### WHAT THIS TASK INVOLVES
Return the records below exactly; pictures stay out.
━━━━━━━━━━━━━━━━━━━━━━━━━━━━━━
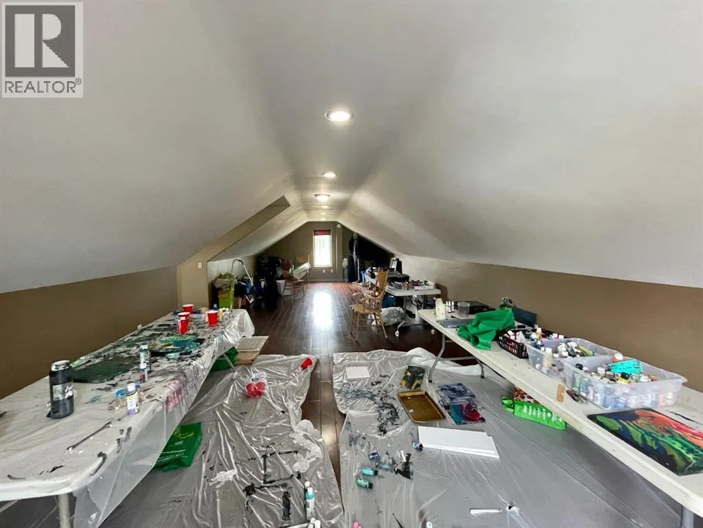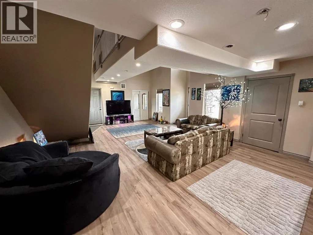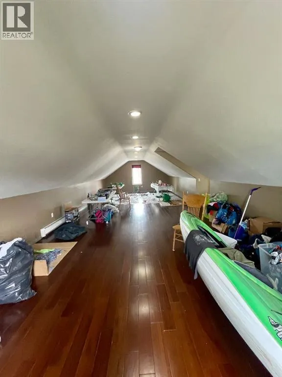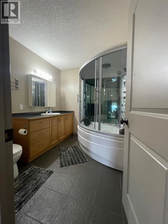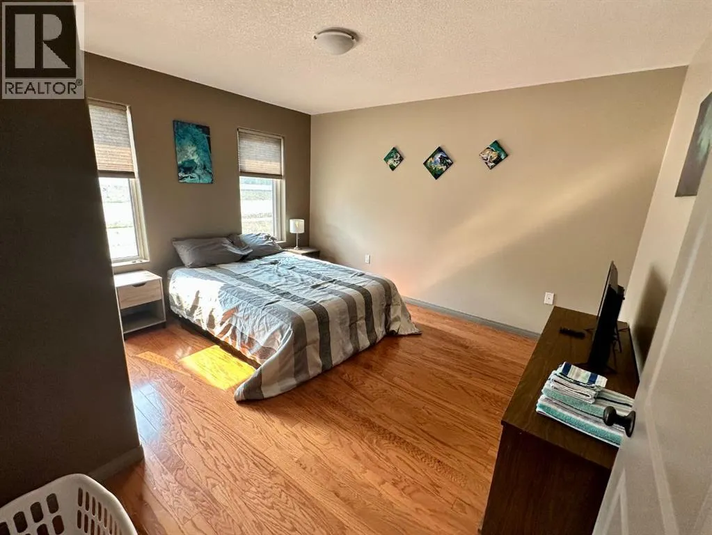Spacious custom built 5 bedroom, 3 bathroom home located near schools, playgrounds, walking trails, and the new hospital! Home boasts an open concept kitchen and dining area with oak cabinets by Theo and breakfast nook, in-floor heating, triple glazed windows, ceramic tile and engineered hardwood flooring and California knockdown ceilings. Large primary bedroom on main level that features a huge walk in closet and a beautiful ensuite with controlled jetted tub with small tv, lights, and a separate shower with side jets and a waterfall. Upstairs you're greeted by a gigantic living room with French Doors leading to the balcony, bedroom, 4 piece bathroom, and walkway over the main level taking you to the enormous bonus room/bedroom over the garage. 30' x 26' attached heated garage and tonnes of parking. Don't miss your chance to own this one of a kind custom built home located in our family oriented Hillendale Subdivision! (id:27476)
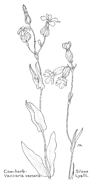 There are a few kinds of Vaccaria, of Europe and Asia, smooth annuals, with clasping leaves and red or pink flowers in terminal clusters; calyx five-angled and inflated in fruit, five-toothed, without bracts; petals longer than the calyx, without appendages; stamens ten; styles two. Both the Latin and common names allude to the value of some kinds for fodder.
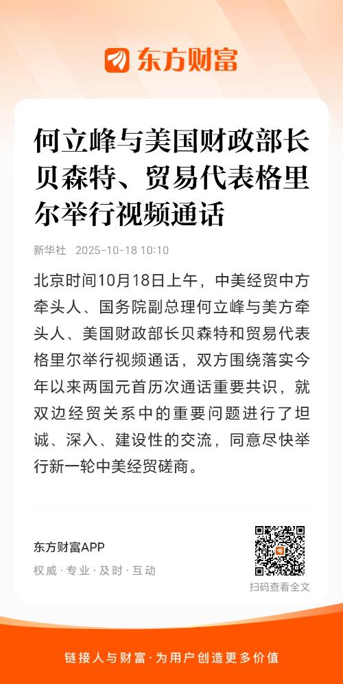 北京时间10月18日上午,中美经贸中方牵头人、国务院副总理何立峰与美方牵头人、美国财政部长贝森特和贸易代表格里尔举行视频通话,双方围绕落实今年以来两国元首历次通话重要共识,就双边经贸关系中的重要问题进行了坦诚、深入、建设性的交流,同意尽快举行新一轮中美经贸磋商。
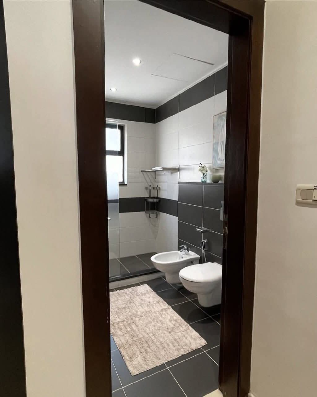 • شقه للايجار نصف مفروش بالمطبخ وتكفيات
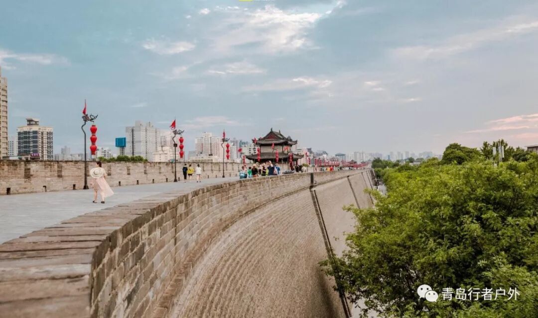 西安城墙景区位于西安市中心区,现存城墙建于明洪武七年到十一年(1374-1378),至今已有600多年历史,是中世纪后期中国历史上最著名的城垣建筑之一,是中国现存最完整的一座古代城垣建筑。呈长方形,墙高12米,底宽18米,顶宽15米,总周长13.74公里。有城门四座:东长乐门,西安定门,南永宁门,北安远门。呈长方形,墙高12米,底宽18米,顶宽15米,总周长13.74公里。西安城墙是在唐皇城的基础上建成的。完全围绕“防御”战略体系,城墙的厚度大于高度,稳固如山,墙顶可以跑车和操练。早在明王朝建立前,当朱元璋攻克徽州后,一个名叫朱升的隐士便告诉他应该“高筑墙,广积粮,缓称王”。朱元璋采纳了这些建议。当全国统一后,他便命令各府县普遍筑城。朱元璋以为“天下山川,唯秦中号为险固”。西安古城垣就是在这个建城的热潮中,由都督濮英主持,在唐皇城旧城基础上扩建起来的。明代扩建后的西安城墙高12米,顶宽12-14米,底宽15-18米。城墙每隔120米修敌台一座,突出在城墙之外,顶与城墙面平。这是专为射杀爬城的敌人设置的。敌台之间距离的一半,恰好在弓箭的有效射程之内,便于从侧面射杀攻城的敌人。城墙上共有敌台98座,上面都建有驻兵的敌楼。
━━━━━━━━━━━━━━━━━━━━━━━━━━━━━━
### REPLY
Spacious custom built 5 bedroom, 3 bathroom home located near schools, playgrounds, walking trails, and the new hospital! Home boasts an open concept kitchen and dining area with oak cabinets by Theo and breakfast nook, in-floor heating, triple glazed windows, ceramic tile and engineered hardwood flooring and California knockdown ceilings. Large primary bedroom on main level that features a huge walk in closet and a beautiful ensuite with controlled jetted tub with small tv, lights, and a separate shower with side jets and a waterfall. Upstairs you're greeted by a gigantic living room with French Doors leading to the balcony, bedroom, 4 piece bathroom, and walkway over the main level taking you to the enormous bonus room/bedroom over the garage. 30' x 26' attached heated garage and tonnes of parking. Don't miss your chance to own this one of a kind custom built home located in our family oriented Hillendale Subdivision! (id:27476)
 There are a few kinds of Vaccaria, of Europe and Asia, smooth annuals, with clasping leaves and red or pink flowers in terminal clusters; calyx five-angled and inflated in fruit, five-toothed, without bracts; petals longer than the calyx, without appendages; stamens ten; styles two. Both the Latin and common names allude to the value of some kinds for fodder.
 北京时间10月18日上午,中美经贸中方牵头人、国务院副总理何立峰与美方牵头人、美国财政部长贝森特和贸易代表格里尔举行视频通话,双方围绕落实今年以来两国元首历次通话重要共识,就双边经贸关系中的重要问题进行了坦诚、深入、建设性的交流,同意尽快举行新一轮中美经贸磋商。
 • شقه للايجار نصف مفروش بالمطبخ وتكفيات
 西安城墙景区位于西安市中心区,现存城墙建于明洪武七年到十一年(1374-1378),至今已有600多年历史,是中世纪后期中国历史上最著名的城垣建筑之一,是中国现存最完整的一座古代城垣建筑。呈长方形,墙高12米,底宽18米,顶宽15米,总周长13.74公里。有城门四座:东长乐门,西安定门,南永宁门,北安远门。呈长方形,墙高12米,底宽18米,顶宽15米,总周长13.74公里。西安城墙是在唐皇城的基础上建成的。完全围绕“防御”战略体系,城墙的厚度大于高度,稳固如山,墙顶可以跑车和操练。早在明王朝建立前,当朱元璋攻克徽州后,一个名叫朱升的隐士便告诉他应该“高筑墙,广积粮,缓称王”。朱元璋采纳了这些建议。当全国统一后,他便命令各府县普遍筑城。朱元璋以为“天下山川,唯秦中号为险固”。西安古城垣就是在这个建城的热潮中,由都督濮英主持,在唐皇城旧城基础上扩建起来的。明代扩建后的西安城墙高12米,顶宽12-14米,底宽15-18米。城墙每隔120米修敌台一座,突出在城墙之外,顶与城墙面平。这是专为射杀爬城的敌人设置的。敌台之间距离的一半,恰好在弓箭的有效射程之内,便于从侧面射杀攻城的敌人。城墙上共有敌台98座,上面都建有驻兵的敌楼。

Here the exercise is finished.